Дядя Захар Иваныч Стрелов — старик старый. Родился он в 1812 году, во время француза, и, следовательно, теперь ему с лишком семьдесят лет. Однако он еще довольно проворно семенит ногами, да и руки у него еще цепкие, так что если бы попала в них взятка, то, мне кажется, он мог бы ее ухватить. Сверх того, он сохранил вкус к жизни, любит поесть и выпить, но лицо у него начинает уже походить на лицо младенца, который только что начал понимать зажженную свечу и радуется, когда ею перед глазами машут. Этому сходству много способствует лысина во всю голову, напоминающая голое колено. Новых порядков он не любит, не исключая даже нового обмундирования. В шкафу у него висит старинный путейский мундир, с расходящимися сзади фалдочками, и он, от времени до времени, надевает его, подходит к зеркалу, поиграет фалдами и вздохнет.
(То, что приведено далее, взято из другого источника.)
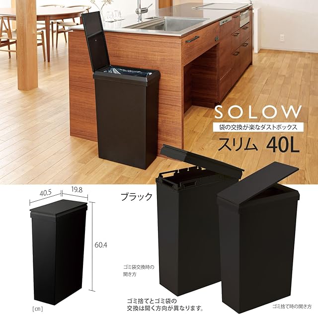 リス(Risu) 蓋付きゴミ箱 SOLOW 袋の交換が楽なダストボックス スリム ブラック 40L 日本製 キャスター付き 防汚加工 分別対応 便利 シンプル おしゃれ 使いやすい リビング 棚下 キッチン トラッシュボックス ちり箱 GSLW015

Во время коронации императора Николая* он был уже кадетом, а в начале тридцатых годов получил первый офицерский чин и в качестве инженера рыл канавы в Шлюшине[56].
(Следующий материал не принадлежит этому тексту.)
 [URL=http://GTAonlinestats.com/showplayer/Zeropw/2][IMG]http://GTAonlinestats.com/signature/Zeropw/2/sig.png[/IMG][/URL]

Хищником, в современном значении этого слова, он не был — в то время люди были для этого слишком бесхитростны, — но взятки брал более чем охотно и в казне черпал неупустительно. Уже в Шлюшине он изыскивал недурные, в этом смысле, случаи. Выроет, бывало, один кубик, а напишет два: один — кесарю, другой — себе. Скопивши таким образом сокровище, он не только сам жил в свое удовольствие, но и доставлял удовольствие другим. Съездит на лодке в Петербург, накупит конфект, апельсинов и угощает шлюшинских дам. Сверх того, был мастер устроивать вечеринки, пикники; словом сказать, был душою общества. Поэтому дамы говорили о нем: «точь-в-точь кавалергард!» Он же, придя в умиление от такой похвалы, сравнивал исправничиху с княгиней Шептаевой, а предводительшу — с графиней Подстаканниковой, которые, по его словам, составляли цвет тогдашнего петербургского бомонда и принимали его в своих салонах за то, что он им привозил в презент копченых ладожских сигов.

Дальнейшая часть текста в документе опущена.